Loomis, operating in a manner that Compton described as “typical of him,” spent the next few months quickly mastering the new subject and “worked with his little permanent staff at Tuxedo on the fundamentals of microwave until he felt capable of inviting collaboration.” Late that summer, Bowles and a group of MIT physicists arrived at the Tower House and began an in-depth study of the propagation of radio waves. The main feature would be a study of ultrahigh-frequency propagation, to be conducted by J. A. Stratton and Donald Kerr, veterans of MIT’s blind-landing research program, “to determine the practical range that we can expect to obtain with 50 cm waves, which we now have facilities to generate.” As they progressed, they would apply their techniques to shorter and shorter wavelengths.

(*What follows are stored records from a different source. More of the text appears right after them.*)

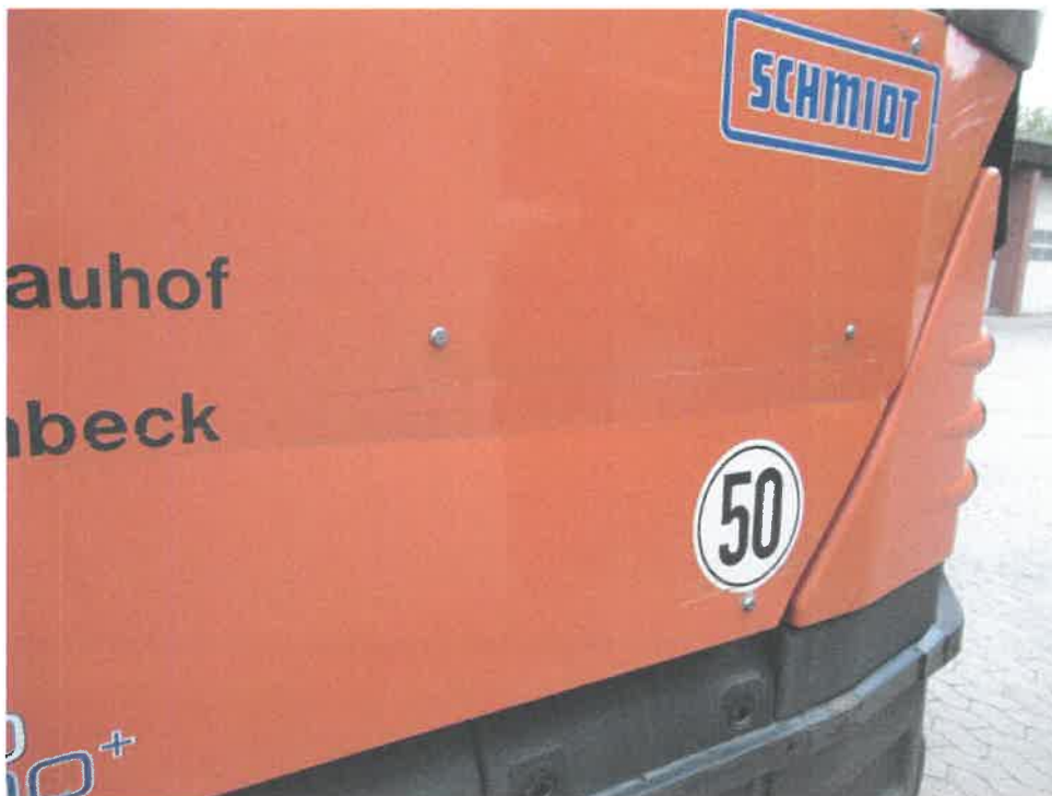
Bild 12 : Diverse Verschrammungen / Verformungen am Aufbau / Chassis

0000 p038/ EPPN/C0118638790_30_1_C8 // 161891 * 76 1505 14/17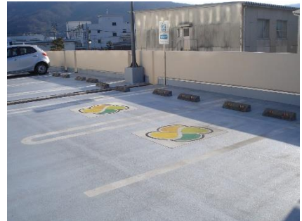
本館南側駐車場（人工地盤）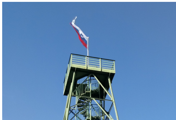
Na Maistrovem stolpu na Zavrhu je zaplapolala slovenska trobojnica.

Posebno mesto v spominskem obeležju je namenjeno času »po Maistru«, spoštovanju in »čaščenju« njegove osebnosti in vojaških zaslug. Pri tem smo iz-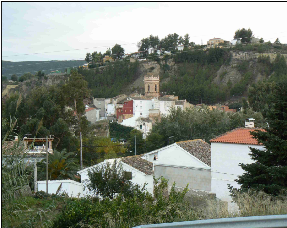
CASCO URBANO Y CAMPANARIO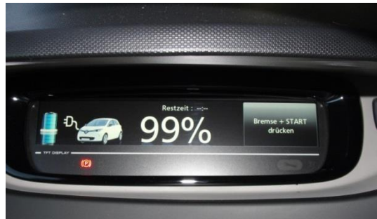
Displayansicht im Elektro- „Bürgermobil“

Bowles was not at all keen on the idea of working for the retired Wall Street banker, with his perfectly pressed white suits and “ideal living and laboratory quarters.” The “Tuxedo Park situation,” as he called it, was more “complex” than he had first reckoned, and he privately suspected the financier had invited them only because it put a small company of MIT scientists, himself included, at Loomis’ disposal, “pretty much to follow his bidding.” Much to his dismay, “Loomis himself was a gadgeteer and pretty much called the shots.” But Bowles was too ambitious to rock the boat and tried his best to humor his new boss. “It was simply that I knew he was a close friend of Karl Compton’s, and, no doubt, this summer’s activities had his benediction. What I got out of it was some knowledge of Loomis, his technical interests, and his manner of operation, [of] which I was later to learn much more.”
Loomis, on the other hand, could not have been happier. Pleased to be of service, and thrilled by the challenge of perfecting this critical new technology, he dropped all of his other experiments to concentrate on the microwave project. In the process, he drastically rewrote the charter of the Tower House. Once a bastion of pure science, Loomis’ laboratory, tucked away in the lush hills of Tuxedo Park, was on its way to becoming a private research center devoted to the development of secret war-related technology—the radar systems used to detect airplanes.